The share of rainfed crops is very high in semi-arid regions of India. Various indices based on remotely sensed data, statistical methods, GIS techniques and hydrogeological investigations have been introduced for monitoring and predicting drought characteristics such as duration, severity and areal extent (Khalil et al., 2013; Domenikiotis et al., 2004; Thenkabail and Gamage, 2004; Arshad et al., 2007; Murad and Islam, 2011; Wardlow et al., 2012; Melese et al., 2018). These indices are helpful for classification of the area into various drought zones viz. high, moderate, low and no drought (Kogan, 2001). Vegetation Health Index (VHI) is function of Temperature Condition Index (TCI) and Vegetation Condition Index (VCI), which is an indicator of green growth. In this study, the droughts in Bhima catchment area have been evaluated using VHI to understand the intensity.
3 . METHODOLOGY
3.1 Data
Rainfall data (1981 to 2017) have been procured from IMD to sort out scanty rainfall years. Considering the availability of 250m resolution and relative clarity in MODIS data, it was used in this research to derive Vegetation Health Index (VHI). The details of the satellite data are: MODIS/Terra, (16-day) NDVI product MOD13A2 and MOD11A2, Land Surface Temperature/Emissivity (8-days) LST product. Global MOD13A2 and MOD11A2 data are available for every 16 days and 8 days, respectively, at 1km spatial resolution as a griddedlevel-3 product in Sinusoidal projection. The data of pre-and post-monsoon seasons (April, May and November, December) has been used for the analysis for six low rainfall years (2000, 2002, 2009, 2014, 2015 and 2017).
3.2 Pre-processing of Satellite Data
The MODIS NDVI (16 bit signed integer) and LST (16bit unsigned integer) data are available in Hierarchical Data Format (HDF) with valid range from 2000 to 10,000 (NDVI) and 7500 to 65535 (LST). The data for the study area was covered in two tiles (h24v07 and h25v07) and converted to tiff format. The image mosaic and projection from sinusoidal to UTM (Zone-43N) was performed for the entire dataset. Normalized Difference Vegetation Index (NDVI) values were rescaled between +1 to -1 by multiply 0.0001 and Land Surface Temperature by 0.02 factors.
3.3 Drought Indices
3.3.1 Normalized Difference Vegetation Index (NDVI)
NDVI values were used to identify the area with green cover, health of plants, growth pattern of agriculture, water stressed crops and also the different type of crops as well as vegetation. (Dutta et al., 2015; Tarpley et al., 1984; Tucker et al., 1985). NDVI has been calculated using ‘Raster Calculator’ in GIS software as:
\(NDVI= {NIR-RED \over NIR+RED}\)
where,
\(NIR\) = Reflectance in Near Infrared band.

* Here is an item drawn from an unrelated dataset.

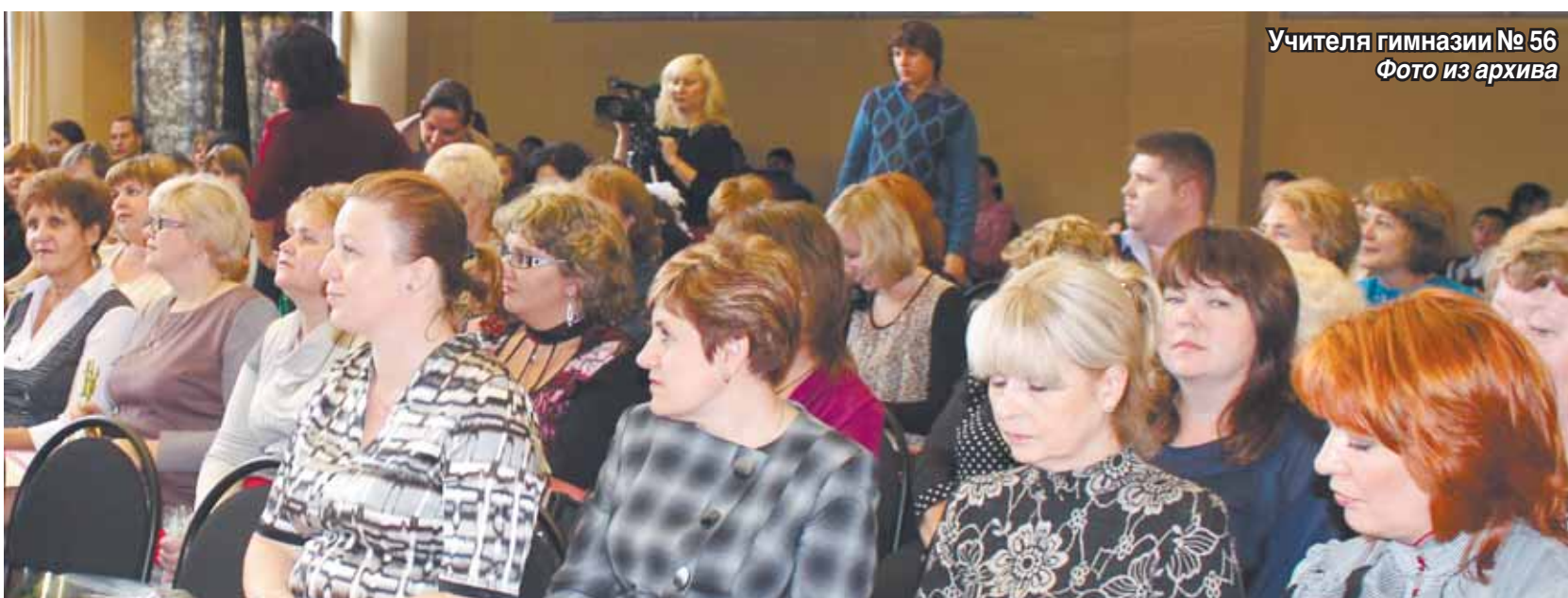
Учителя гимназии № 56

\(RED\) = Reflectance in Red band.
3.3.2 Vegetation Condition Index (VCI)
Vegetation Condition Index has been introduced by Kogan (1990). The VCI calculations are based on NDVI values with respect to its maximum amplitude. VCI is the function of NDVI values of specific area or pixel and it is the subtraction of NDVI value to the minimum NDVI values of that pixel or area divided by the sum of NDVI maximum value and NDVI minimum value of the entire area into 100. The maximum amplitude shows the highest possible variation from the values (Liu and Kogan, 1996).
VCI (%) is calculated as:
\(VCI_j = {NDVI_j-NDVI_{min} \over NDVI_{max}+NDVI_{min}} \times100\)
Where,
\(VCI_j\) = VCI at the jth period in a specific month.
\(NDVI_j\) = NDVI at the jth period in a specific month.
\(NDVI_{max}\) = Maximum value of the NDVI for that year.
\(NDVI_{min}\) = Minimum value of the NDVI.
VCI (%) value ranges between 50 and 100 are indicating good condition of vegetation, while values less than 35 show severe drought condition. Although there are many other vegetation and derived indices, but VCI and NDVI deviation from historic NDVI are being used on operational basis to assess drought situation (Kogan, 1995). VCI is the average greenness of the same area over given defined time based on pixel values of same location.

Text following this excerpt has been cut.